To stay competitive, organizations need to constantly evolve and improve all aspects of their businesses. They also have to engage measurable practices to ensure that all implemented changes are cost-effective and vital for their businesses.

ITSM, or IT Service Management, is a modern approach to planning, implementing and managing IT services of an agile, service-oriented organization. The practice is business, rather than technology-centered. IT services add the most value when they are in complete alignment with the needs of an organization. Otherwise, they impede a company's ability to react to market changes, put a strain on the budget, and, ultimately, result in dissatisfied customers and lost business opportunities.

The ability to measure progress and calculate ROI of IT projects is an important part of ITSM. Without a clear idea of project costs, organizations can't plan for the future and choose projects that would add the most strategic value at the lowest cost.

Organizations interested in implementing ITSM practices can follow the ITSM guidelines presented in three frameworks:

ITIL (Information Technology Infrastructure Library) consists of five books - Service Strategy, Service Design, Service Transition, Service Operation and Continual Service Improvement. The books are published to help organizations design, deploy, as well as measure the impact of their ITSM projects.

MOF (Microsoft Operations Framework) includes a number of guides to help design and deploy IT services in the most effective and affordable way. The guides break down the process into three phases - the Plan Phase, the Deliver Phase, and the Operate Phase.

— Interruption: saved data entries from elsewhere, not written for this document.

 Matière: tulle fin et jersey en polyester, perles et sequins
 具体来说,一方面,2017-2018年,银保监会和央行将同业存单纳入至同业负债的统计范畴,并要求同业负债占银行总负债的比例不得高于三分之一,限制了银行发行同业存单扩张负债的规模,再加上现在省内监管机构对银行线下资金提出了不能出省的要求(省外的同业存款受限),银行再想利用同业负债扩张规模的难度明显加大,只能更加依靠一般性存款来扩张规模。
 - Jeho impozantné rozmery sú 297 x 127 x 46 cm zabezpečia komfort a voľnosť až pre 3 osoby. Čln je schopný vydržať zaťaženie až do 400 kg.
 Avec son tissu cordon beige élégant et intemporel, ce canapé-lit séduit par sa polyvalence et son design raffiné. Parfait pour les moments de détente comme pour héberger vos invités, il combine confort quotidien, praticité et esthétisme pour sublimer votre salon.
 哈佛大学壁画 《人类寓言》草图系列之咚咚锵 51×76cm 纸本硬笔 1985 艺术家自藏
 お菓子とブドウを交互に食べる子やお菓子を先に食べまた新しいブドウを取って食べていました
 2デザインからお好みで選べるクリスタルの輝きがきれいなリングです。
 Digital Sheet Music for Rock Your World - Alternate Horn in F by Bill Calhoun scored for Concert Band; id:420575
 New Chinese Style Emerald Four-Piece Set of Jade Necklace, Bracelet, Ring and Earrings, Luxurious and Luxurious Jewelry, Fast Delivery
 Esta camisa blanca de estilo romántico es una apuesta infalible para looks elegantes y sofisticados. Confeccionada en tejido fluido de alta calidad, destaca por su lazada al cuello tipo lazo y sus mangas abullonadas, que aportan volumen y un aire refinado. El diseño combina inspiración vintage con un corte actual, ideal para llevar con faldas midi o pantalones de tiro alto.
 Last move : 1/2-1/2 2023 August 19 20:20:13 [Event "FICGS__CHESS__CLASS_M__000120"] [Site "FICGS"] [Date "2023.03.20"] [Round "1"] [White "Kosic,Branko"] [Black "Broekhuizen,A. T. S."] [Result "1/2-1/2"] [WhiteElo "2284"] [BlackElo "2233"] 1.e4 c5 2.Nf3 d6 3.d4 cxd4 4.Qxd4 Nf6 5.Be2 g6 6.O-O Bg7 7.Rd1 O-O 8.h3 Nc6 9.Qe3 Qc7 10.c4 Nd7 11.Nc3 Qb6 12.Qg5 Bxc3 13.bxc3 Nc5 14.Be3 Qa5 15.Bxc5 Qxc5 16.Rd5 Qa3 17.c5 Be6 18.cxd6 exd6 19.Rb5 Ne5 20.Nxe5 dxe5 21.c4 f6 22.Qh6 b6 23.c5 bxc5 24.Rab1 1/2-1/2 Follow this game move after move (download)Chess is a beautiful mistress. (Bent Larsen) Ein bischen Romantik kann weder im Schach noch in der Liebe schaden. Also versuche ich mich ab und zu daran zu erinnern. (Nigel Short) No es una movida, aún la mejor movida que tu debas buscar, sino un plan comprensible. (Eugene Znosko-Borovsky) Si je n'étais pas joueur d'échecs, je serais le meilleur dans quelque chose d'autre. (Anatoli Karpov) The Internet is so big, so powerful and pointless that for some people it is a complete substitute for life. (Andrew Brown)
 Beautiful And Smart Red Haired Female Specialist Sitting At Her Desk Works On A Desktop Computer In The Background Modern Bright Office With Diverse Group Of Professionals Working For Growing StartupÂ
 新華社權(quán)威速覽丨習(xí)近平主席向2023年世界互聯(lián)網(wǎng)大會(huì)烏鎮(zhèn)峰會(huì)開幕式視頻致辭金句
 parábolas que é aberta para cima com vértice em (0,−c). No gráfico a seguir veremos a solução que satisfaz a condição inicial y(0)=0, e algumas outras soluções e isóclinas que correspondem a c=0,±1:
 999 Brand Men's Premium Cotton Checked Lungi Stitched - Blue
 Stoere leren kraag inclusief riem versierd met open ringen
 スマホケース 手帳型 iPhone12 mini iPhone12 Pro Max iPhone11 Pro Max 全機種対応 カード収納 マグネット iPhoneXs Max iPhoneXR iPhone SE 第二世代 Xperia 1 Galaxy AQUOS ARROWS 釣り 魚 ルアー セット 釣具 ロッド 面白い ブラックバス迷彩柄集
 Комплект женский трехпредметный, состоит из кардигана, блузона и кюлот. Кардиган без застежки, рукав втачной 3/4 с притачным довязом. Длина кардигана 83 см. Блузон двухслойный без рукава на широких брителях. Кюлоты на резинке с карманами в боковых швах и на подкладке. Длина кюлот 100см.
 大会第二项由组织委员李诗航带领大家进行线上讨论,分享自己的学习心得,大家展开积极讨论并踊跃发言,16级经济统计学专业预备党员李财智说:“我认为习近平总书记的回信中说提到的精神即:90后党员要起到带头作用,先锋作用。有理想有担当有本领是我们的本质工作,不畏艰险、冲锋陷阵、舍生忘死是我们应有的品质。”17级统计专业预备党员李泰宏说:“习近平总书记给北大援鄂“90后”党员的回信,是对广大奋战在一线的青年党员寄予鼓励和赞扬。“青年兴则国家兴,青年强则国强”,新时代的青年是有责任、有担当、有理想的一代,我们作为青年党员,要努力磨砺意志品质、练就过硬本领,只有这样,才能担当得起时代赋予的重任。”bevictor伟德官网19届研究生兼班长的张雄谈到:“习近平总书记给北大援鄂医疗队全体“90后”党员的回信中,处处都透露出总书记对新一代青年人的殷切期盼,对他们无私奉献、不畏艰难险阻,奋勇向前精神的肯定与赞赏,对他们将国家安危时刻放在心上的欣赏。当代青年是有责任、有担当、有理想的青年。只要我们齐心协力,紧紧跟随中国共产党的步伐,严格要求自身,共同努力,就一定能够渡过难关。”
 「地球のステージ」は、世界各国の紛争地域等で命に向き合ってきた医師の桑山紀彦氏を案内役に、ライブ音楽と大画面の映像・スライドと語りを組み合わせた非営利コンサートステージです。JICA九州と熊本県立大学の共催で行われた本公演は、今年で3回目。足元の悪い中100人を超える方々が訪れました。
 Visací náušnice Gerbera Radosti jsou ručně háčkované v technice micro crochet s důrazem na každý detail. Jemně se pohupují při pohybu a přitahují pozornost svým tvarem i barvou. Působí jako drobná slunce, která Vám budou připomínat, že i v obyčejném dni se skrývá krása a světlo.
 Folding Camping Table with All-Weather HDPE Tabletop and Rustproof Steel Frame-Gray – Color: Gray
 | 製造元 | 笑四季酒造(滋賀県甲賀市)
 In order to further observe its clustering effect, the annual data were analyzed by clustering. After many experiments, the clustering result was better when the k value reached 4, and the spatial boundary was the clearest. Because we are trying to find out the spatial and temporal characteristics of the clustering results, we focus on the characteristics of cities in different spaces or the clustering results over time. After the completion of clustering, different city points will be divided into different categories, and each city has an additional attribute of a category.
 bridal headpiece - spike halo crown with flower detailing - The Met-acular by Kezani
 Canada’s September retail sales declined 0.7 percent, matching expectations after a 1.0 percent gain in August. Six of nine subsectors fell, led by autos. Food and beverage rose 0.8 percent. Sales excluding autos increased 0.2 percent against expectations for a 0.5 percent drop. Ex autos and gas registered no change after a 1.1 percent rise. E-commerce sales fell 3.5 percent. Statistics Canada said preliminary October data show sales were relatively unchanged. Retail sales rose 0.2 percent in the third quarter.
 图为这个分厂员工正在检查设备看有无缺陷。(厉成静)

COBIT (Control Objective for Information and Related Technology) offers guides on the ways to align IT objectives with business goals. It breaks down the process into four steps - Plan and Organize, Acquire and Implement, Deliver and Support, and Monitor and Evaluate.

ITSM frameworks are not dependent on one particular technology. The idea is to choose systems and applications that fit best the unique needs of each organization. The winning combination can include several products and services that deliver the best result at the lowest cost.

Some IT solutions can support a number of objectives of ITSM. A comprehensive infrastructure monitoring solution enables organizations to oversee in real time the performance of critical applications to ensure that all business processes are running smoothly.

Four key solutions that help deliver ITSM benefits include the following:

1. Distributed Application Monitoring

By monitoring groups of applications and processes, rather than individual components, an organization can get a better insight into its current business situation, since IT managers can instantly see how the monitored items are connected. The system can separate minor events that can wait to get fixed, from major accidents that require IT managers' immediate attention to prevent a major outage.

2. Notifications

Notifications can be forwarded to IT managers using email, IM, or SMS, ensuring that the right individuals are alerted about any potential problems right away.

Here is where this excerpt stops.